Information shown:

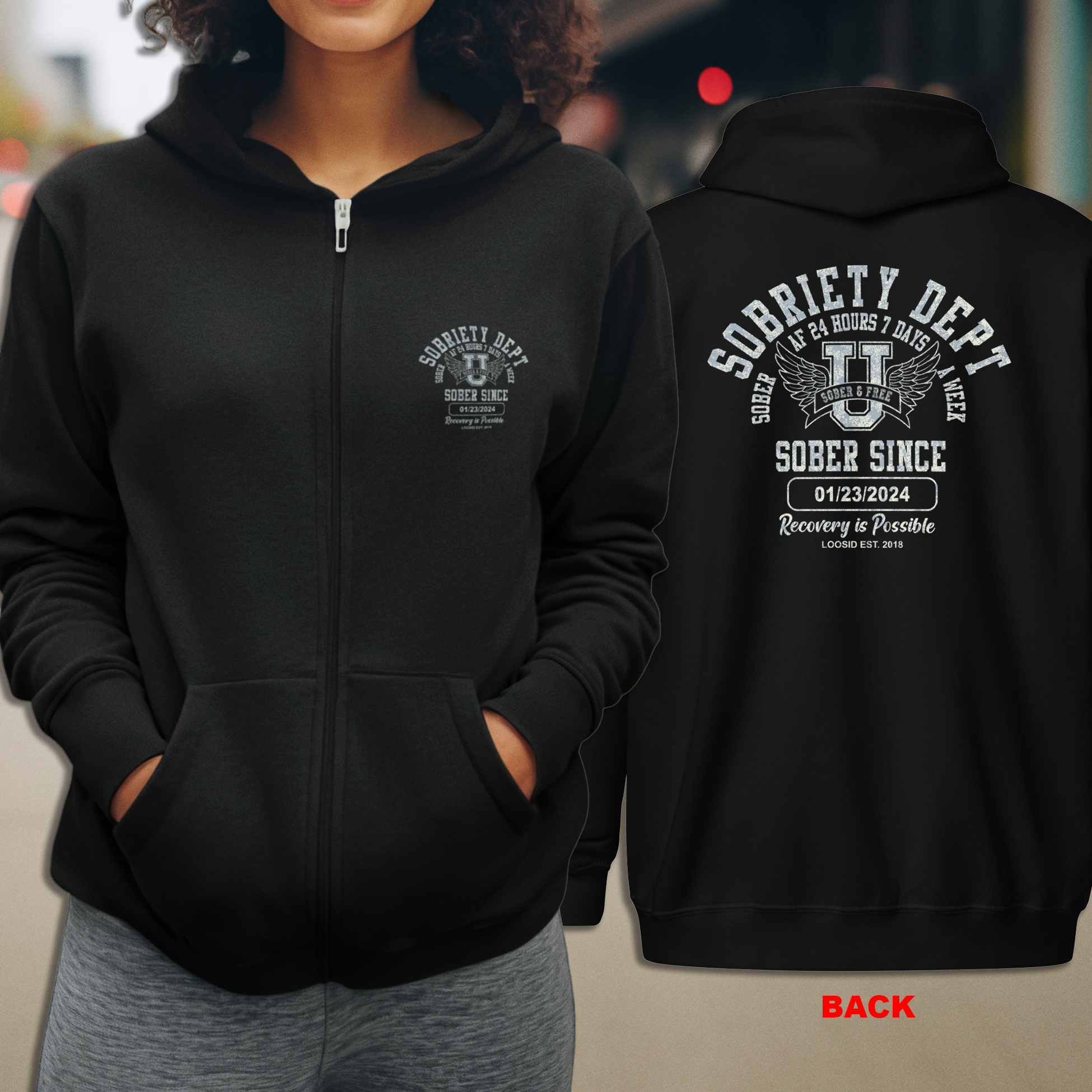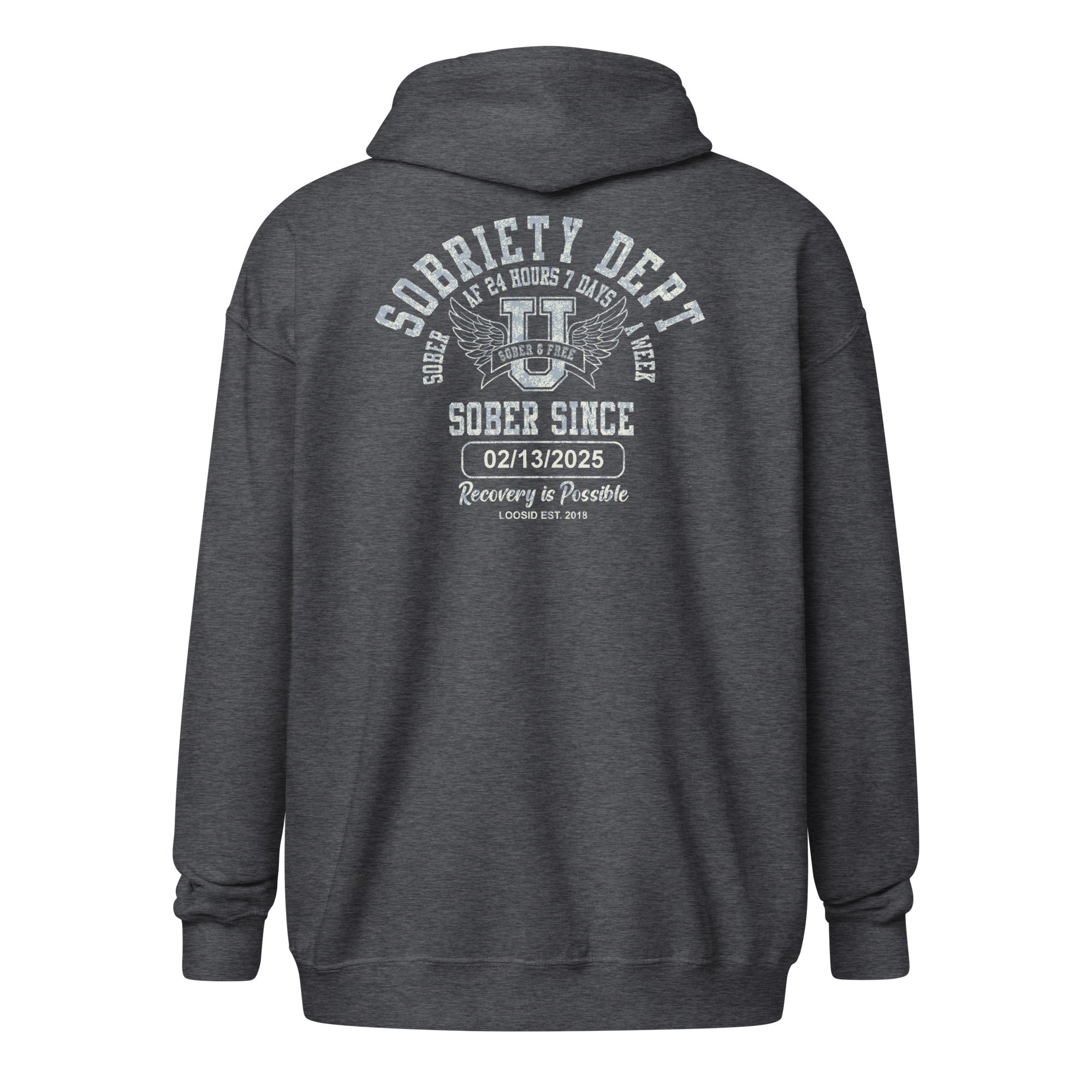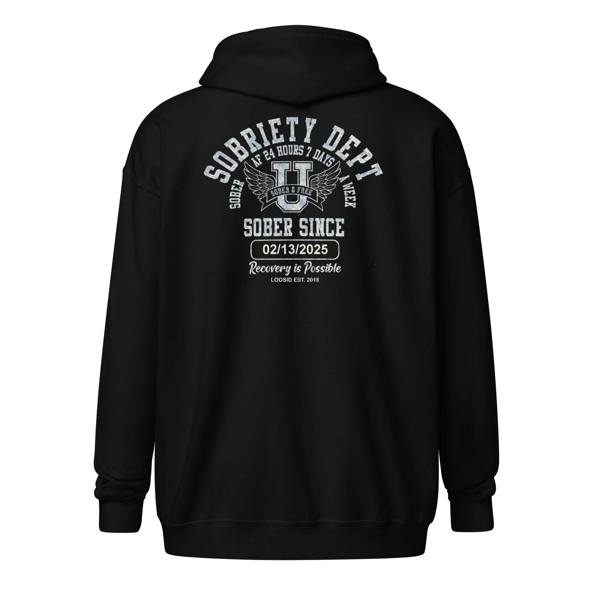 Sobriety Dept Zip Hoodie – Sober AF 24/7 with Custom Sobriety Date
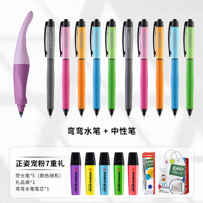 【U先】stabilo思笔乐旗舰店弯弯海豚水笔儿童正姿小学生专用书写练字大容量速干圆珠专用笔签字文具中性笔芯
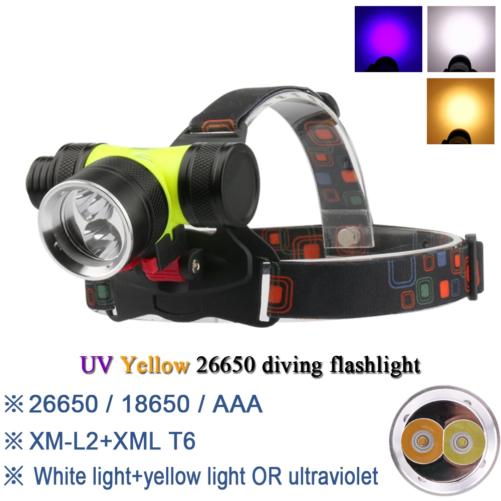 Желтый белый свет Водонепроницаемая светодиодная фара Дайвинг головного фонарь, налобный фонарь двойной источник света cree xml t6 l2 налобный ф...
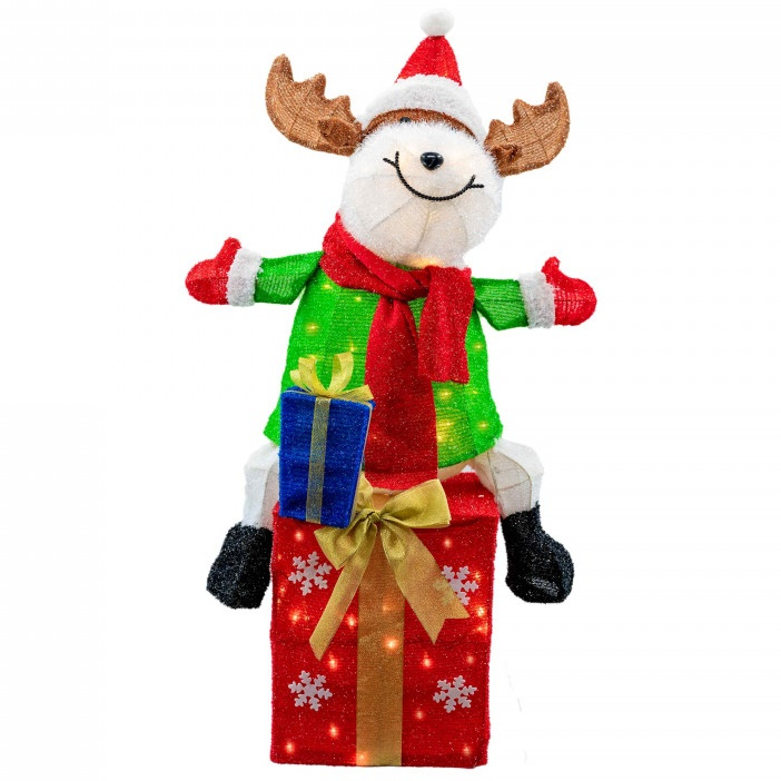 Ren pe cadru de sarma cu material textil si leduri, dimensiune 50x30x90cm, 50 led-uri lumina calda, cu jocuri de lumini, alimentare priza, MI-706
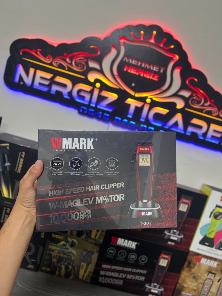 W MARK yüksek hızlı saç kesme makinesi, 10.000 RPM W-MAGLEV motor ile güçlü kesim sağlar. Siyah tasarımı ile profesyonel kullanım sunar. ✂️
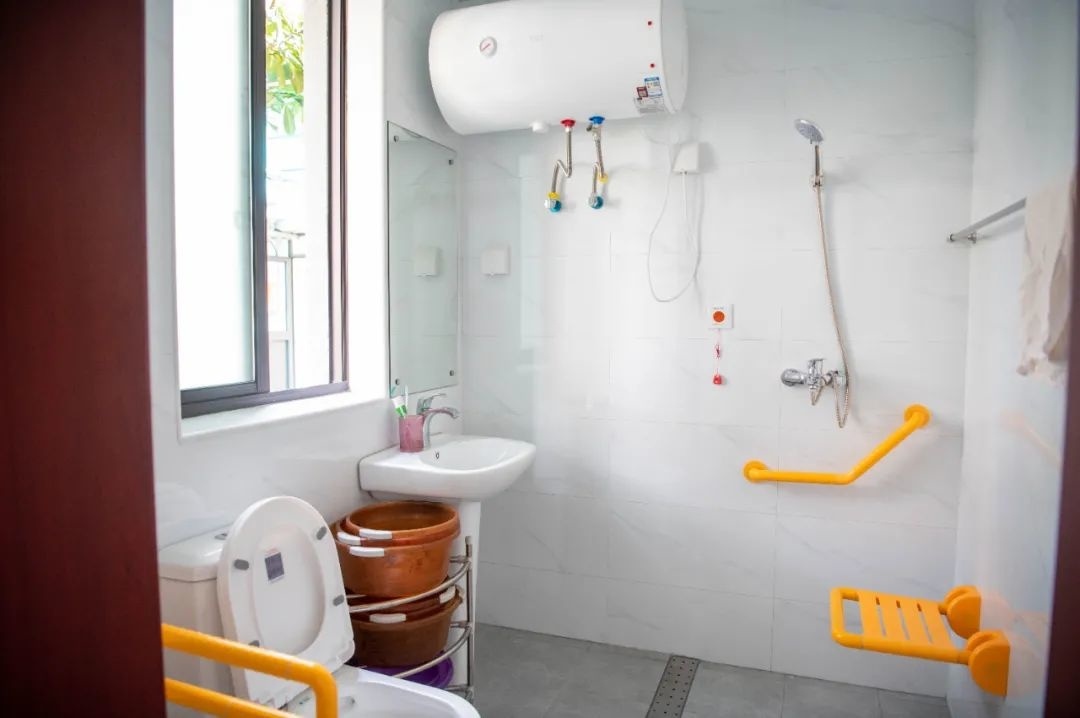 据悉,敬老院3号、4号楼建于2003年,由于时间久远,设施较为陈旧,给院内老人的日常生活带来了诸多不便。今年3月份以来,漕泾镇对敬老院的两幢大楼进行了升级改造。在原有的基础上,对外墙真石漆涂饰、屋面平瓦翻新,增加了照护台,对护理房、走道、卫生间等进行适老性改造,进一步优化了敬老院住养环境。
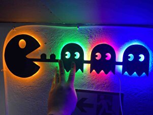 Pacman Led Işıklı Ahşap Tablo Pacman Led Işıklı Ahşap Tablo pacman12 55 x 29
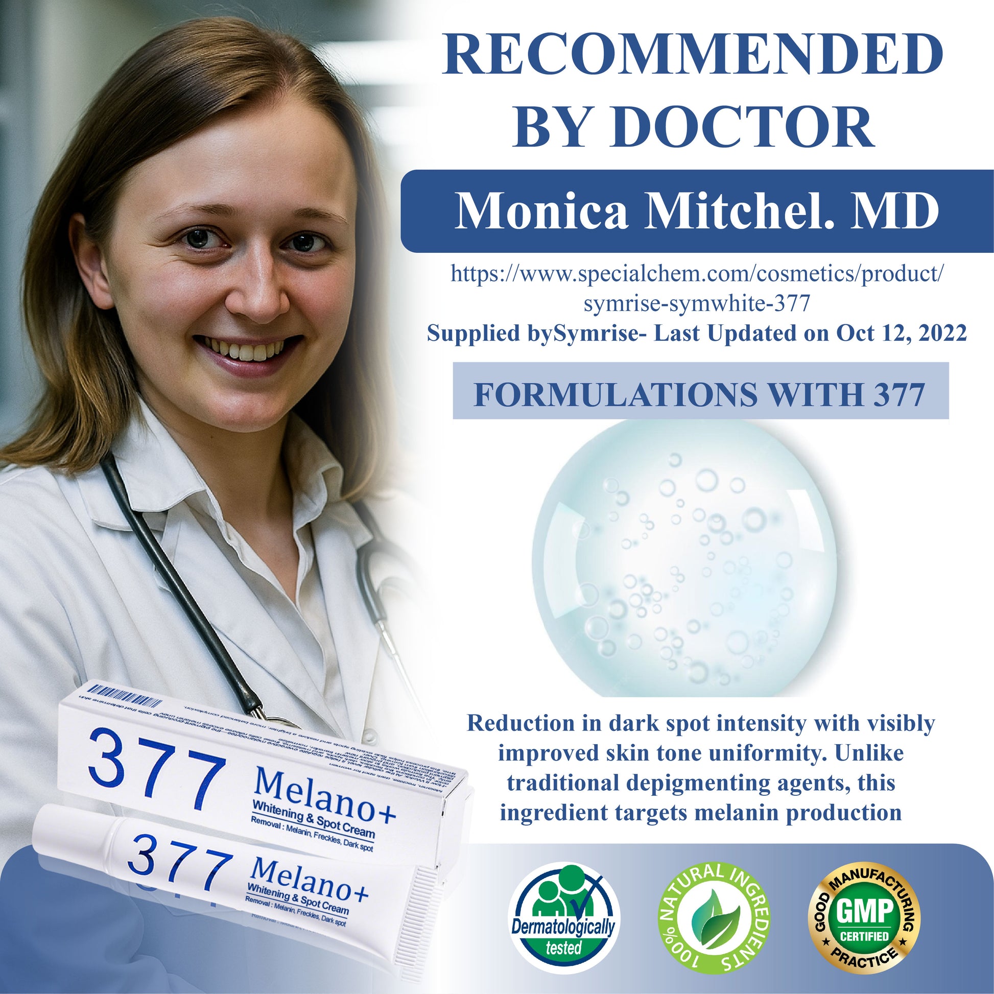 In clinical research, participants using formulations with 377 demonstrated up to a 70 percent reduction in dark spot intensity within four weeks, along with visibly improved skin tone uniformity. Unlike traditional depigmenting agents, this ingredient targets melanin production precisely without compromising the skin barrier. It provides an advanced, well-tolerated approach to achieving clearer, more balanced skin.
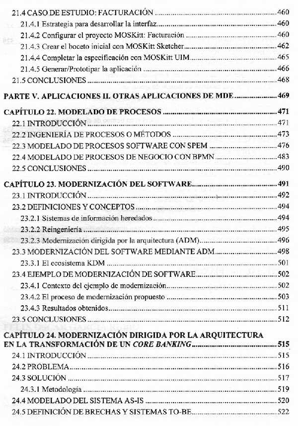 Este libro presenta un magnífico análisis conceptual de la ingeniería del software basada en modelos (Model-Driven Engineering, MDE) como un camino hacia la industrialización de la producción de software El uso sistemático de modelos se presenta ahora como la forma apropiada para conseguir programar con un nivel más alto de abstracción y de aumentar el nivel de automatización, porque los conceptos, métodos y técnicas de MDE facilitan la creación y evolución del software.
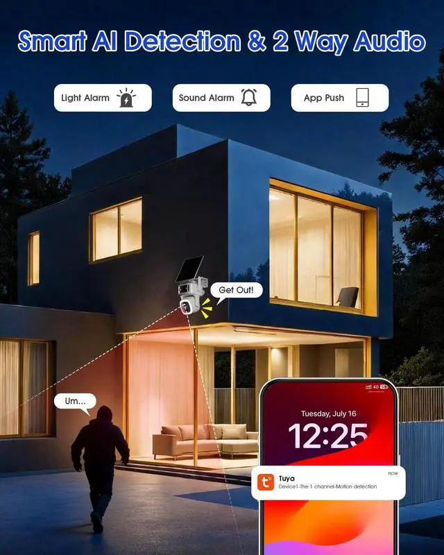 [ AI Motion Detection and Two-Way Audio ] This cellular security wireless camera built-in speaker and microphone system, enabling clear two-way audio communication and real-time dialogue with anyone within the camera's field of view, and is also compatible with Alexa. This camera can quickly and accurately detect any movement of people or animals, then immediately send an alarm notification to your phone (you can adjust the sensitivity of this feature in the Tuya Smart APP), monitor your property remotely.

Work task:
Extract the lines exactly, please: the first line of the listing, the line with "Pacman Led Işıklı Ahşap Tablo Pacman", and every line between them, but no pictures.

Exercise solution:
 Sobriety Dept Zip Hoodie – Sober AF 24/7 with Custom Sobriety Date
 【U先】stabilo思笔乐旗舰店弯弯海豚水笔儿童正姿小学生专用书写练字大容量速干圆珠专用笔签字文具中性笔芯
 Желтый белый свет Водонепроницаемая светодиодная фара Дайвинг головного фонарь, налобный фонарь двойной источник света cree xml t6 l2 налобный ф...
 Ren pe cadru de sarma cu material textil si leduri, dimensiune 50x30x90cm, 50 led-uri lumina calda, cu jocuri de lumini, alimentare priza, MI-706
 W MARK yüksek hızlı saç kesme makinesi, 10.000 RPM W-MAGLEV motor ile güçlü kesim sağlar. Siyah tasarımı ile profesyonel kullanım sunar. ✂️
 据悉,敬老院3号、4号楼建于2003年,由于时间久远,设施较为陈旧,给院内老人的日常生活带来了诸多不便。今年3月份以来,漕泾镇对敬老院的两幢大楼进行了升级改造。在原有的基础上,对外墙真石漆涂饰、屋面平瓦翻新,增加了照护台,对护理房、走道、卫生间等进行适老性改造,进一步优化了敬老院住养环境。
 Pacman Led Işıklı Ahşap Tablo Pacman Led Işıklı Ahşap Tablo pacman12 55 x 29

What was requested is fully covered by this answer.